# Snake Identification



## Paliadon (Mar 18, 2007)

Can anybody help me. I believe this snake (python) is an Amethystine Python ([SIZE=-1]Morelia amethystina)[/SIZE]. Any further bids on that.

Cheers

Kris


----------



## Australis (Mar 18, 2007)

Your correct, its a scrub python.


----------



## Paliadon (Mar 18, 2007)

Whoa, thanks wrinkley snake. That would have to be the worlds quickest reply to a post. Phew, my heads still spinning.

Cheers

Kris


----------



## Aslan (Mar 18, 2007)

100% Scrubby - where did you find it? and how many times did it nail you while you grabbed it?


----------



## Paliadon (Mar 18, 2007)

We recently moved to Deeral (just south of Cairns) and this was found on our first night.
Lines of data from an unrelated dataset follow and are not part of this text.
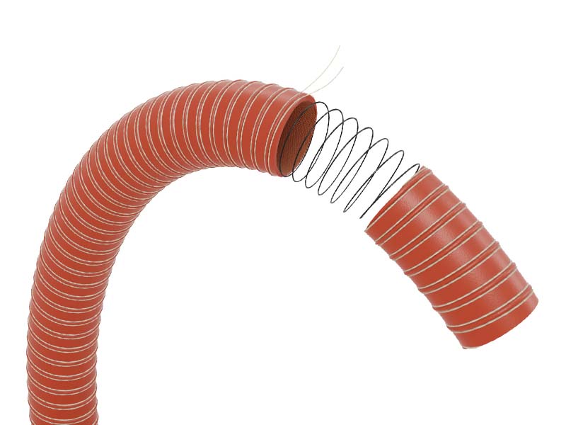 Wąż ESPIROSILICONE wykonano z gumy silikonowej pokrytej włóknem szklanym, ze spiralą ze stali ocynkowanej i wzmocnieniem z włókna.
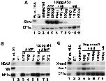 Figure 2 Ski antagonizes BMP signaling in Xenopus explants. (A) Ski blocks BMP2 activity. Explants were cultured until stage 10.5 and analyzed for Xbra expression by RT-PCR. Lanes 1 and 2, whole embryo control and no RT (RTâ); lane 3, uninjected explants; lanes 4 and 5, explants expressing AB2; lanes 6â8, explants expressing AB2 with increasing amounts of ski mRNA; lanes 9â11, explants expressing ski mRNA only. (B) Ski fails to neuralize in the presence of high levels of the constitutive active BMPRI (Alk3*). Explants were analyzed at stage 20 for NCAM expression. Lanes 3â5, explants expressing AB2 mRNA only; lane 6â8, explants expressing ski and increasing amounts of Alk3* as indicated. Alk3*, (Q233D)Alk3. (C) Ski blocks the activity of Smad1. Lane 3, uninjected sample; lane 4, Smad1 stimulates the expression of the ventral markers, Xvex-1 and Xhox-3; lanes 5â7, explants expressing Smad1 mRNA in combination with increasing amounts of ski mRNA; Lane 8, ski alone.
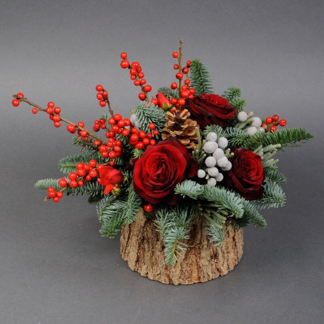 До складу композиції входить троянда Гран Прі, ілекс, брунія, хвоя, троянда спрей Ванесса
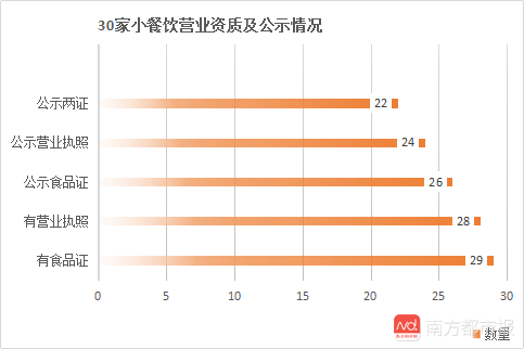 30家小餐飲營(yíng)業(yè)資質(zhì)及公示情況。
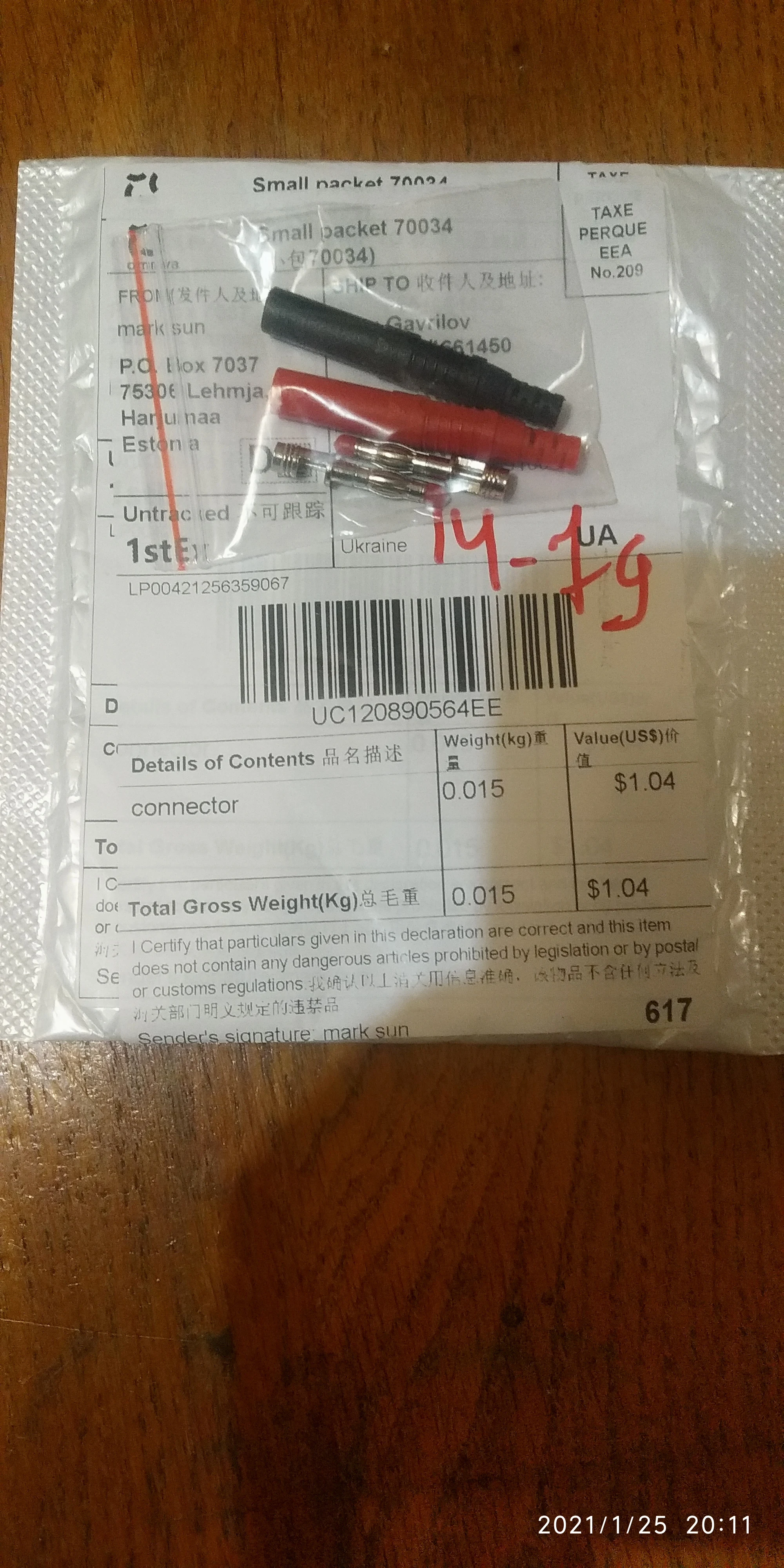Пришли в объединенной посылке, для самодельных щупов и кабелей пойдет. Спасибо.
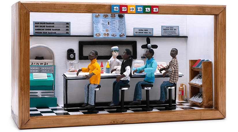 Leading in Black History Month, Google is honoring the anniversary of the Greensboro Sit-in with a striking diorama of the event, designed by guest artist Karen Collins. Collins is the creator of the African American Miniature Museum, a mobile showcase of other thought-provoking scenes of African American activist movements past and present.
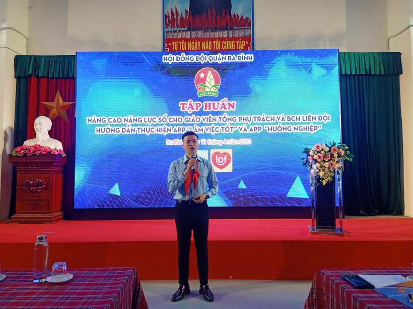 Trong buổi sáng, thầy Trần Minh Cường - Giảng viên Khoa Kỹ năng nghiệp vụ Đội - Trường Lê Duẩn đã lên lớp 02 nội dung là: Tập huấn nâng cao năng lực số cho giáo viên Tổng phụ trách và BCH Liên đội, hướng dẫn thực hiện app Làm việc tốt (đối với khối Tiểu học) và app Hướng nghiệp (đối với khối THCS) và Tập huấn nghiệp vụ công tác Đội cho BCH Liên đội.
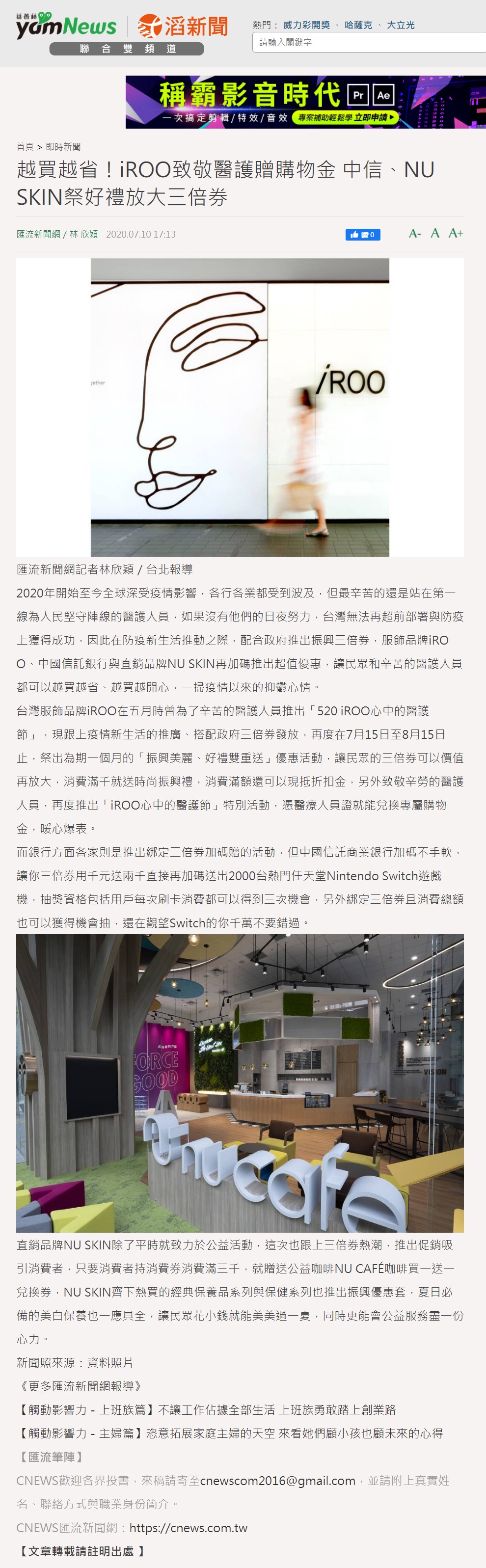 Yahoo新聞_越買越省!iROO致敬醫護贈購物金 中信、NU SKIN祭好禮放大三倍券
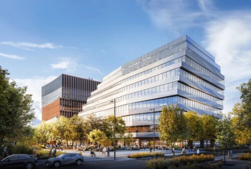 Designed as two interconnected towers linked by a central connector and an activated ground floor, the lab building will provide flexible shell space to accommodate a range of uses, including retail, dining, daycare, and gathering spaces. Level 1 also houses shared amenities and support spaces for lab tenants, while below-grade levels feature parking, bike storage, a fitness facility, and critical MEP/back-of-house functions. Boasting an impressive 510,000 SF of rentable space for R&D tenants, the building stands as a premier destination for innovation, growth, and limitless possibility.
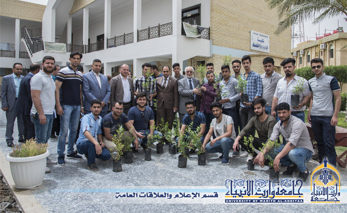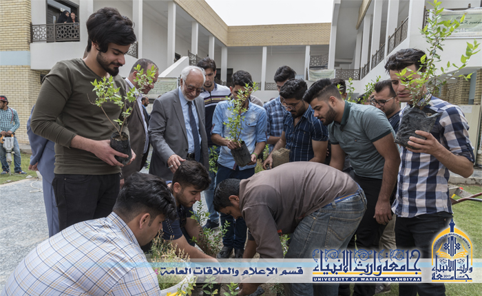 طلبة كلية الادارة والاقتصاد مع رئيس الجامعة أ .د طالب الموسوي يتشاركون غرس شتلات الاشجار في حدائق جامعة وارث الانبياء عليه السلام لتنمية القيم البيئية.
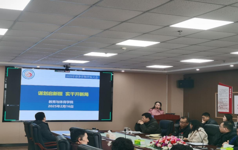 会上,副经理杨青宝围绕2025年上学期教学工作计划进行详细说明。他指出,新学期将重点从专业建设、课程建设、教研教改、学科竞赛和招生工作五大方面展开,旨在全面提升教学质量。在专业建设方面,重点推进运动训练专业的招生与培养方案的优化,并积极准备湖北省本科专业监测评估,力争2个专业优秀;在课程建设方面,全力支持《体育心理学》国家一流课程申报,并积极推进AI智慧课程和双语课程的建设;在教研教改方面,组织申报校级、省级教研项目,并培育省级教学成果奖,进一步提升教学研究的水平;在学科竞赛方面,全力准备湖北省青年教师教学竞赛,并积极培育国家级创新创业大赛项目;在招生工作方面,开拓优质生源地,确保现有专业的招生质量稳步提升。杨青宝副经理特别强调了新学期教学工作的注意事项,确保新学期教学工作的有序开展。
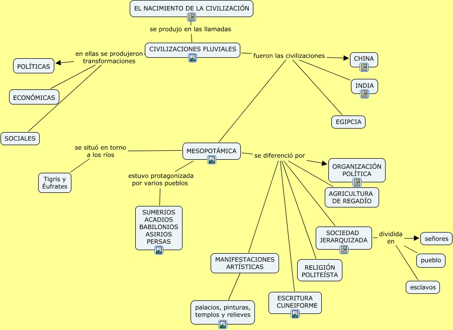 Este Cmap, tiene información relacionada con: MESOPOTAMIA, MESOPOTÁMICA se diferenció por SOCIEDAD JERARQUIZADA, MESOPOTÁMICA estuvo protagonizada por varios pueblos SUMERIOS ACADIOS BABILONIOS ASIRIOS PERSAS, CIVILIZACIONES FLUVIALES fueron las civilizaciones EGIPCIA, MANIFESTACIONES ARTÍSTICAS ???? palacios, pinturas, templos y relieves, MESOPOTÁMICA se diferenció por RELIGIÓN POLITEÍSTA, CIVILIZACIONES FLUVIALES en ellas se produjeron transformaciones POLÍTICAS, MESOPOTÁMICA se diferenció por ORGANIZACIÓN POLÍTICA, CIVILIZACIONES FLUVIALES fueron las civilizaciones INDIA, MESOPOTÁMICA se diferenció por ESCRITURA CUNEIFORME, CIVILIZACIONES FLUVIALES en ellas se produjeron transformaciones SOCIALES, SOCIEDAD JERARQUIZADA dividida en señores, EL NACIMIENTO DE LA CIVILIZACIÓN se produjo en las llamadas CIVILIZACIONES FLUVIALES, MESOPOTÁMICA se situó en torno a los ríos Tigris y Éufrates, MESOPOTÁMICA se diferenció por AGRICULTURA DE REGADÍO, CIVILIZACIONES FLUVIALES fueron las civilizaciones MESOPOTÁMICA, SOCIEDAD JERARQUIZADA dividida en esclavos, CIVILIZACIONES FLUVIALES fueron las civilizaciones CHINA, CIVILIZACIONES FLUVIALES en ellas se produjeron transformaciones ECONÓMICAS, SOCIEDAD JERARQUIZADA dividida en pueblo, MESOPOTÁMICA se diferenció por MANIFESTACIONES ARTÍSTICAS
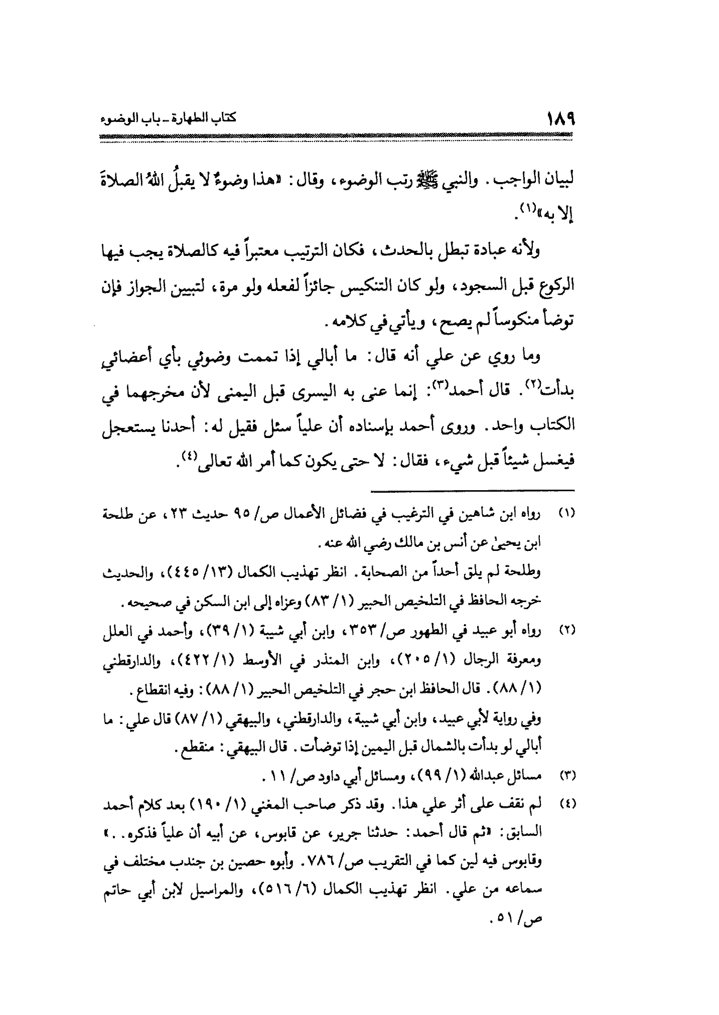 وما روي عن عليّ أنه قال: ما أبالي إذا تممت وضوئي بأي أعضائي بدأت (¬٢). قال أحمد (¬٣): إنَّما عنى به اليسرى قبل اليمنى لأنَّ مخرجهما في الكتاب واحد. وروى أحمد بإسناده أن عليًّا سئل فقيل له: أحدنا يستعجل فيغسل شيئًا قبل شيء، فقال: لا حتَّى يكون كما أمر الله تعالى (¬٤).

We get maybe two a day wander through the property and as such I just relocate them back over the fence into the jungle to live another day.

One day I might stop and purchase one (legally) to own as a pet from a small hatchling. We'll just have to see.


----------



## reptalica (Mar 18, 2007)

Looks like whoever is holding it in the first pic has a fair old hold on the poor thing. Maybe next time a little looser.....


----------



## Paliadon (Mar 18, 2007)

Aslan said:


> 100% Scrubby - where did you find it? and how many times did it nail you while you grabbed it?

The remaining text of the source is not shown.